BP a annoncé l’acquisition d’une participation majoritaire de 60 % dans trois blocs d’exploration offshore en Namibie, une opération qui positionne le groupe comme opérateur principal dans l’un des corridors d’eaux profondes les plus surveillés du continent africain. La transaction, conclue avec la société canadienne Eco Atlantic Oil & Gas, porte sur les permis d’exploration PEL97, PEL99 et PEL100, tous situés dans le bassin de Walvis, au large des côtes namibiennes.
La compagnie pétrolière britannique qualifie elle-même cette initiative de « soutien fort aux bassins pionniers africains », soulignant le rôle croissant du continent dans l’approvisionnement énergétique mondial à un moment où les majors internationales réorientent leurs portefeuilles en amont vers des opportunités à fort impact de réserves.
Un bassin en marge des grandes découvertes, mais en rapide valorisation
Le bassin de Walvis, où BP s’installe désormais comme opérateur, reste géologiquement moins exploré que le bassin de l’Orange, plus au sud, là où Shell, TotalEnergies et Galp ont réalisé une série de découvertes offshore majeures ces dernières années. Ces succès ont profondément reconfiguré la perception internationale de la Namibie, transformant en quelques saisons d’exploration un pays quasi inconnu du secteur pétrolier en une province potentielle de plusieurs milliards de barils.
Si le bassin de Walvis n’a pas encore livré de découverte commerciale comparable, les géologues y voient de plus en plus une extension naturelle du même système pétrolier sous-marin, avec des caractéristiques de réservoirs susceptibles d’être analogues. C’est précisément ce potentiel encore non confirmé, mais géologiquement argumenté, que BP entend évaluer en prenant la main sur ces trois blocs.
« Il faut rendre hommage à BP pour avoir su reconnaître l’ampleur des opportunités en Namibie, ainsi qu’à Gil Holzman et Eco Atlantic pour avoir mené les premiers efforts d’exploration qui ont contribué à placer ces blocs sur la carte mondiale. » – NJ Ayuk, président exécutif, African Energy Chamber (AEC)
L’Afrique, de risque pionnier à opportunité compétitive mondiale
Pour NJ Ayuk, président exécutif de l’African Energy Chamber, cette transaction illustre un changement de paradigme dans l’approche des investisseurs internationaux vis-à-vis du continent. « C’est ainsi que devrait se présenter le développement énergétique africain : des majors internationales et des entreprises axées sur l’Afrique travaillant ensemble pour créer de la valeur, développer les connaissances et accélérer le développement », a-t-il déclaré.
Cette lecture est confirmée par la dynamique récente du secteur. En l’espace de moins d’une décennie, la Namibie est passée du statut de terra incognita pétrolière à celui de destination d’exploration prioritaire pour les grandes compagnies mondiales. L’entrée de BP dans le bassin de Walvis s’inscrit dans ce mouvement de fonds, qui voit les compagnies internationales réévaluer le rapport risque-rendement sur des zones longtemps considérées comme trop spéculatives.

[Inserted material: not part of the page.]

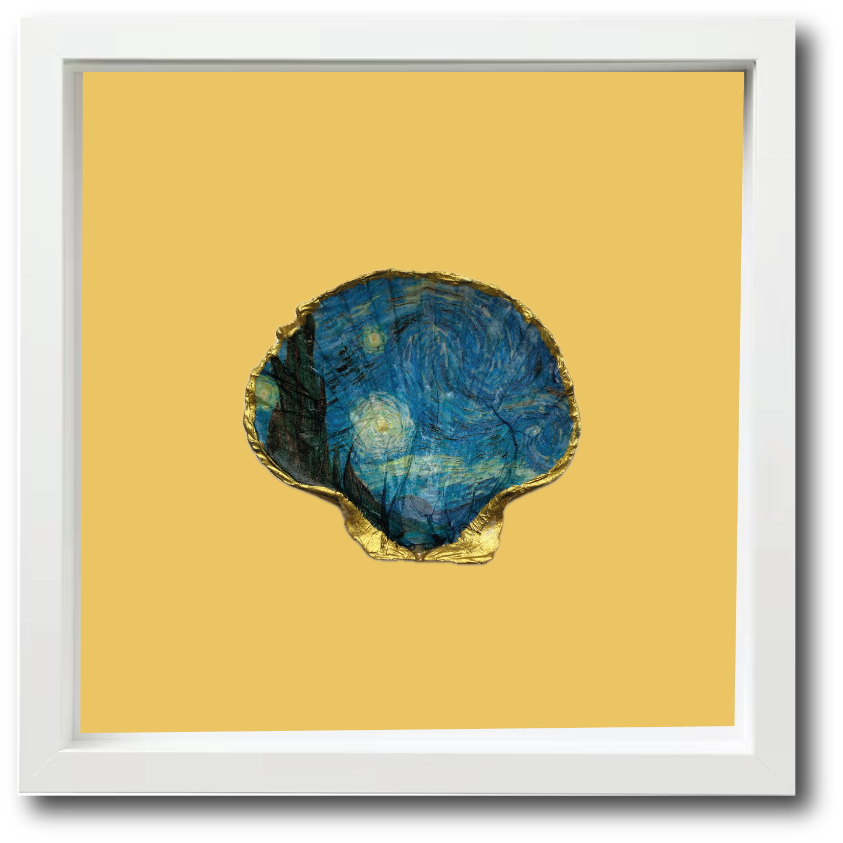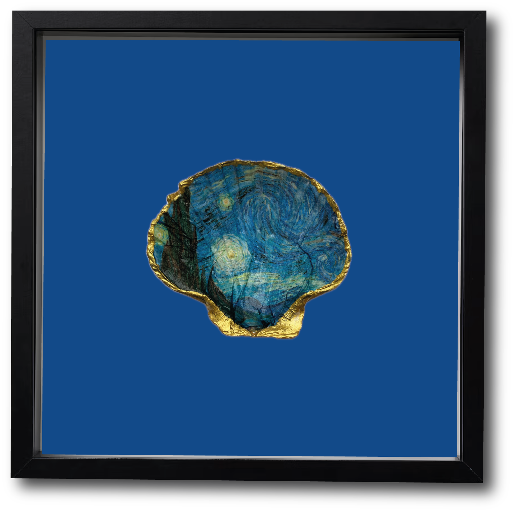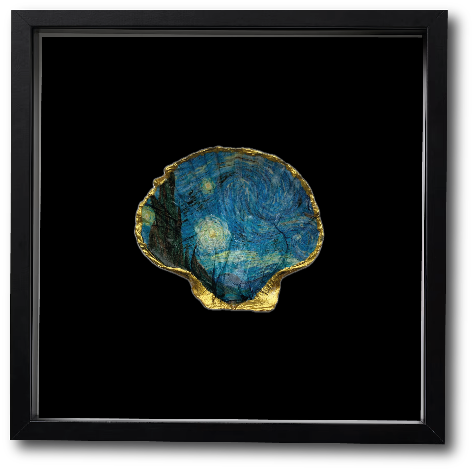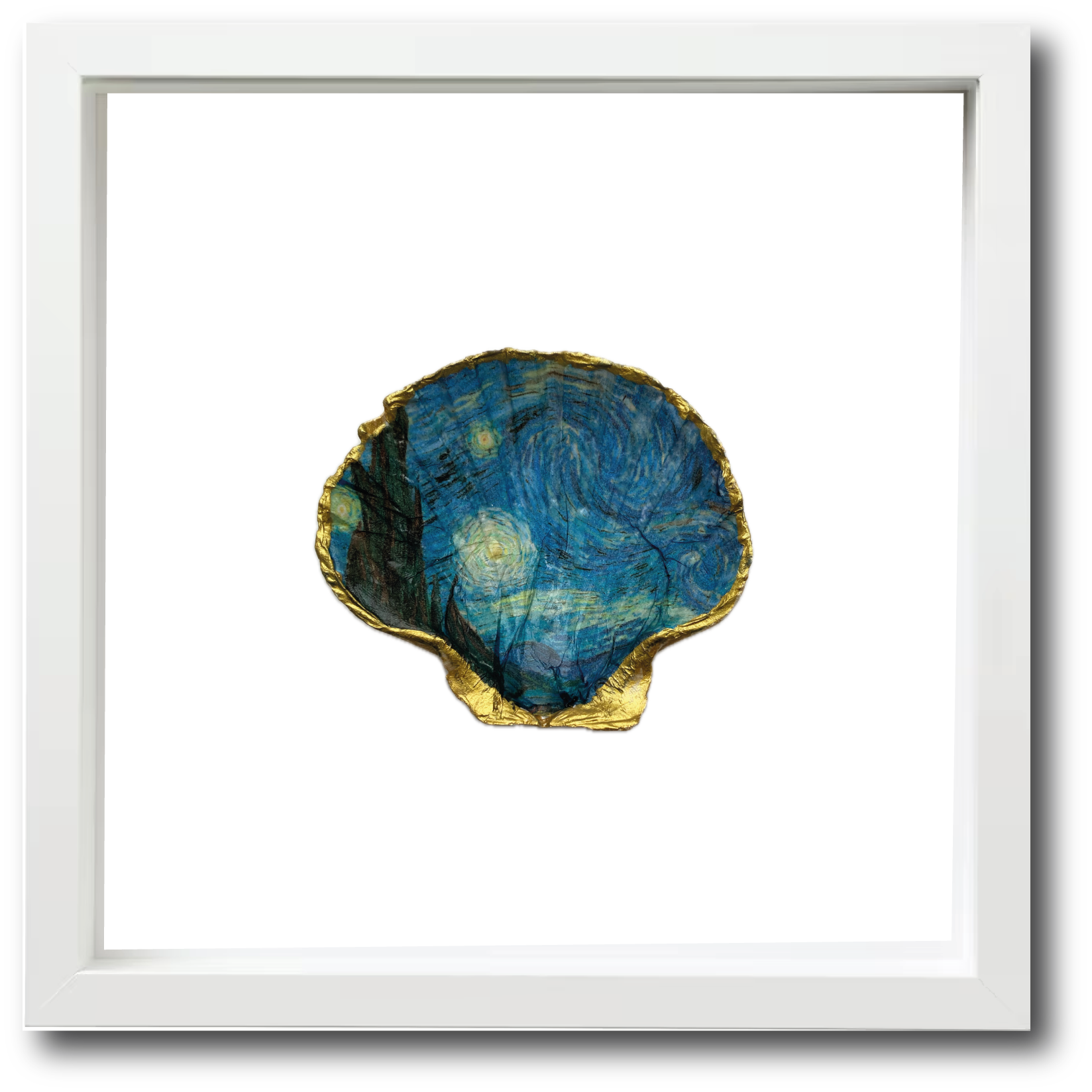Van Goghs golvende lucht vol sterren is één van 's werelds meest beroemde kunstwerken. Te zien in het Van Gogh Museum in Amsterdam. Nu ook op een XL St. Jacobsschelp te koop en te bewonderen in je eigen woonkamer.
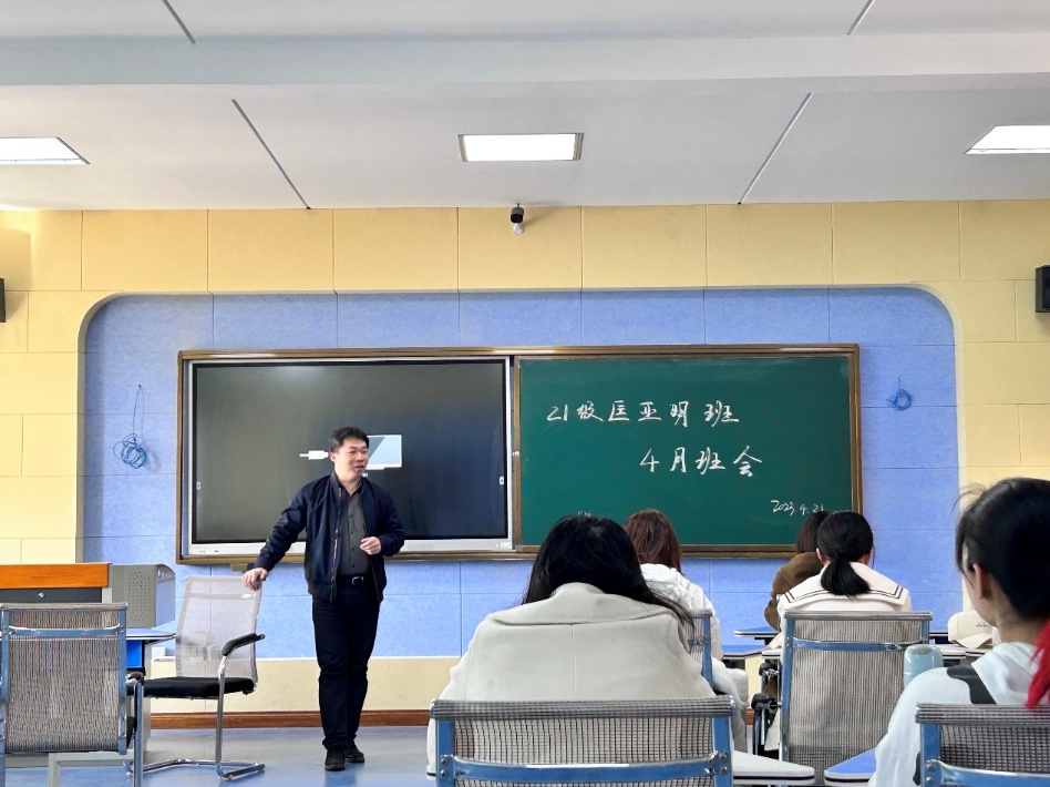 2023年4月25日,2021级汉语言文学专业召开4月班会。在班会上,张一帆老师特地强调了以下几点。首先,临近五一假期,不少同学都有出行计划,还望同学们能在出行途中注意人身财产安全,平安返回校园;其次,各学科期中检测也在紧迫进行中,同学们在抓紧复习的同时也要规律作息,平衡好学习和生活;最后,.21级的同学们已是大二下学期,即将踏入大三年级,请各位同学们明确好未来方向,做好学习规划,不论是考研还是考公,就业还是保研,都要于此时做好准备,为大三大四打好基础。

Des premiers barils attendus avant la fin de la décennie
La Namibie est désormais considérée comme l’un des pays susceptibles d’entrer en production pétrolière offshore avant 2030, sous réserve que l’exploration continue d’apporter des résultats probants et que les infrastructures nécessaires soient mises en place dans les délais. Les découvertes du bassin de l’Orange, adjacentes aux blocs de BP, sont les plus avancées dans ce processus, mais le calendrier reste soumis aux aléas techniques et économiques propres à tout développement en eaux profondes.

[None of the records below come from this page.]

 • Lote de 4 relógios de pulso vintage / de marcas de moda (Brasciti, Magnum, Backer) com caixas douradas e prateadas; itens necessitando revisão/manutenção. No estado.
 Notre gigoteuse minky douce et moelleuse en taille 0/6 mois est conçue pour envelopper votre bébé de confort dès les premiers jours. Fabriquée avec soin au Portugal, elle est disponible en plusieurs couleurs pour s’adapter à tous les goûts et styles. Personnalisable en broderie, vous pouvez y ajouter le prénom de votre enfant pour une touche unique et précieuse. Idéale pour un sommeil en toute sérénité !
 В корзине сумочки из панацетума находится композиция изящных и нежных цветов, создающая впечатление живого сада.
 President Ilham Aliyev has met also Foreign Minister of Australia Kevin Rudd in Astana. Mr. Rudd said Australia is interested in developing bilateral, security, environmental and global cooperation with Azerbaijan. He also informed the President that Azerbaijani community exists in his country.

Pour BP, cet investissement représente un pari sur le long terme : la compagnie, qui traversé des années de réorientation stratégique entre ambitions de transition énergétique et retour aux fondamentaux de l’exploration, réaffirme ici son appétit pour les actifs en amont à fort potentiel de réserves. L’Afrique subsaharienne, et la Namibie en particulier, s’imposent ainsi comme l’un des terrains de jeu privilégiés de cette nouvelle phase.